This is the Lafered Blog Site
Posted on February 22, 2013 by lafered
This site is new as of this moment, the need made clear by the long winded posts I have been making to people through Facebook and the chat list my college makes available to faculty. I am sure I have lost some Facebook friends and know that some of my colleagues would block me if they could find a way. I have also been posting on Diane Ravitch’s site (http://dianeravitch.net/) and, earlier, at Fireside Learning (http://firesidelearning.ning.com/profile/StephenLafer) and have come to think that I probably take up too much of their space. So Lafered is my new place for putting down what I am compelled by some unnamable force to write and make public.
I have been teaching for about 35 years now, once at a public school and a few times at universities, the most recent post 25 years in duration and still counting, at the University of Nevada, Reno where I teach in the teacher education program. I am a frustrated educator of teacher in a state that should be frustrated by its inability to develop a truly good educational system. I have tried to better what I considered not so good by developing the first real middle school program in the area, creating a program for younger kids at the local Boys and Girls Club that worked to get students interested in academic studies through gardening and art projects, and by starting a charter high school for disenchanted adolescents who, like most, are full of talent and energy and smarts but not ready to give in to what the schools system asks them to give into.
I have been writing of late about the current debates over the efficacy of the new Common Core State Standards, the manner in which they were created, the manner in which they are being implemented, their role as the way away from No Child Left Behind’s tragic effects, and the strings attached that need be cut if the good things in the standards are to be allowed to do well by students and this long suffering nation, built on the best of principles but harmed severely by the undemocratic behavior of the few who seem to want it all for themselves.

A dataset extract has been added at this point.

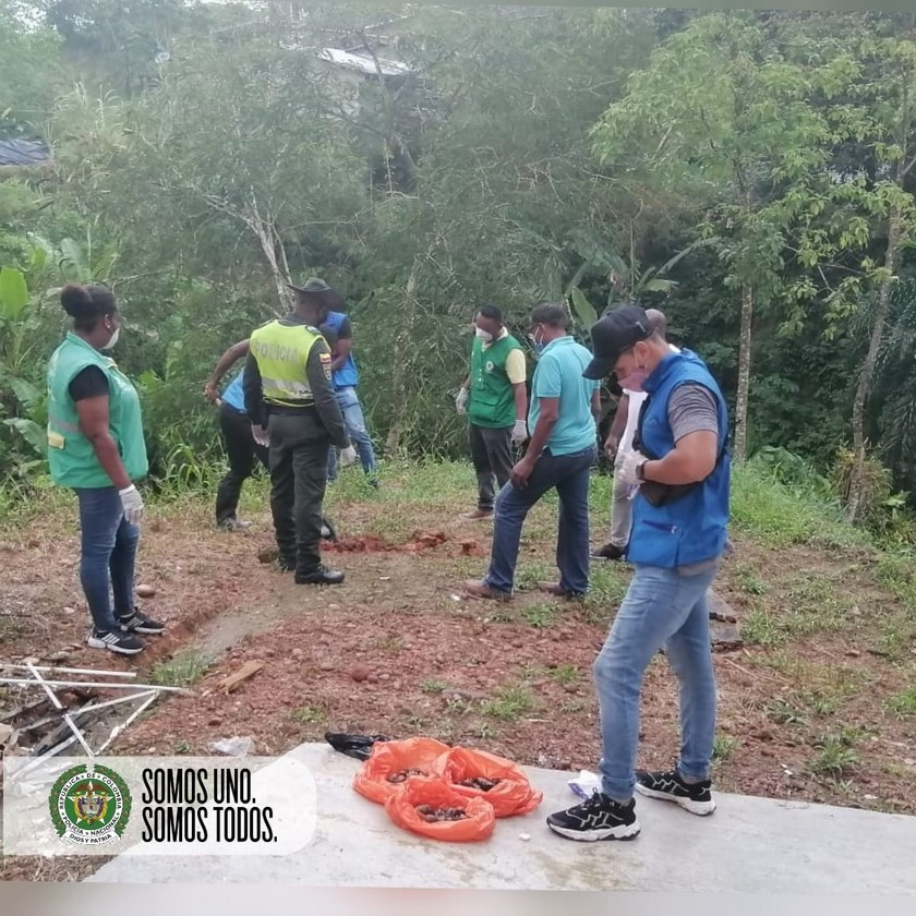 La Policía Nacional informó que gracias al llamado oportuno de la comunidad, fueron recolectados en el barrio Los Castillo de Quibdó, Chocó 5 kilos de caracol gigante y enterrados bajo tierra con todas las medidas de seguridad y salubridad para desintoxicar este sector de la población.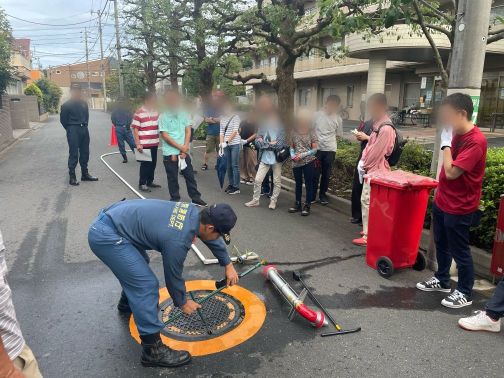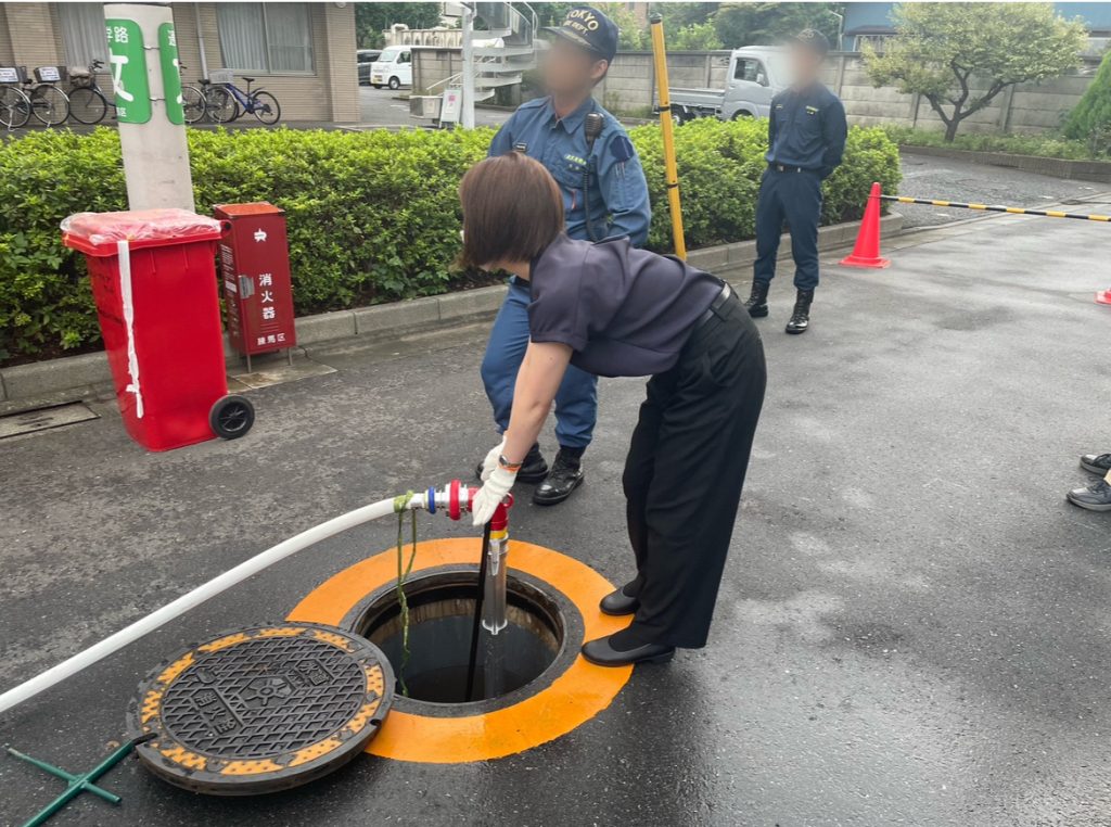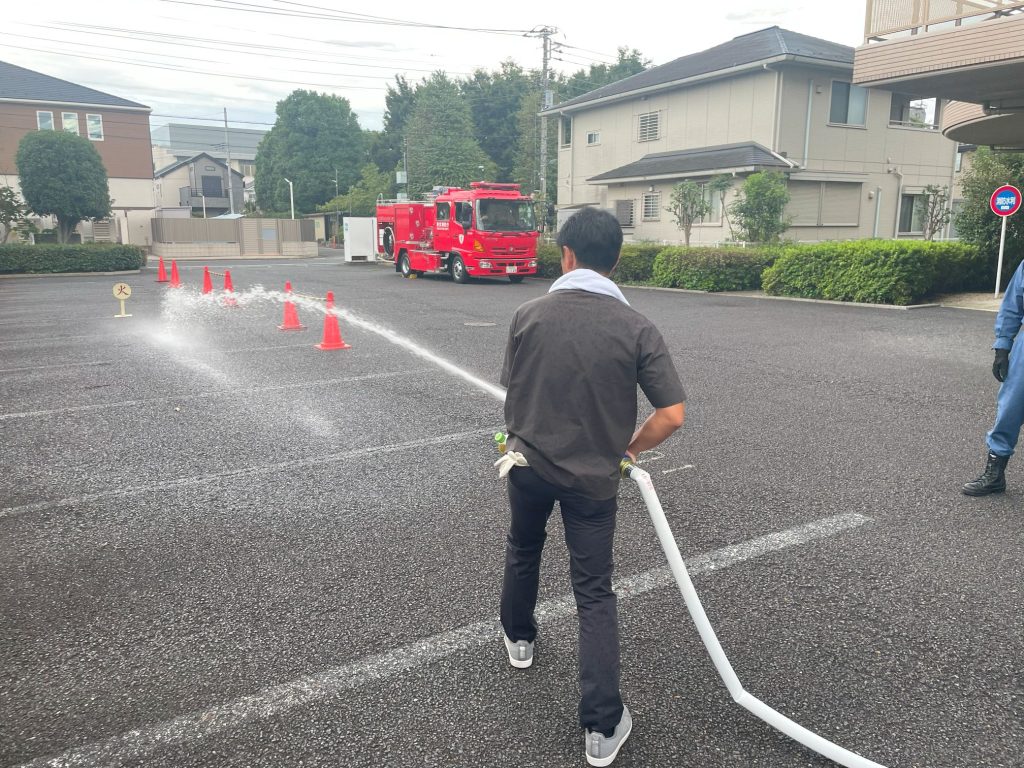 内容は「スタンドパイプを使用した放水訓練」です。消防署の方を招いて使用方法等をご指導いただきました。

I am for schools that teach to the democratic imperative, that are true to the idea that the opinions of people deserve to be respected and care deeply that schools help students develop the skills, knowledge, and dispositions that will help them to make contributions to the cause of building the “more perfect union.” This is the work of the citizen of a truly humane society, a society that works toward “perfection” by studying the nature of being and finding ways to maximize human potential through the conversation that is the democratic process.
I also know that schools have a long way to go to become the schools they must be if they are to serve a society that maximizes individual freedom by providing a superstructure build on justice within which free individuals can live together in peace and prosperity. The education that leads to full citizenship in such a society will always be a work in progress, for it is a system that allows for its citizens to have a say in how it operates and what it teaches and is, thus, eminently changeable but permanently just and demanding of good reason and thoughtful disputation.
I will have more to say about my notions of the good system and how it might come into being and what that exists now might help to move things in the right direction. My writing for the blog sites noted above contain the essence of my thinking to date. I invite you to take a look at those posts.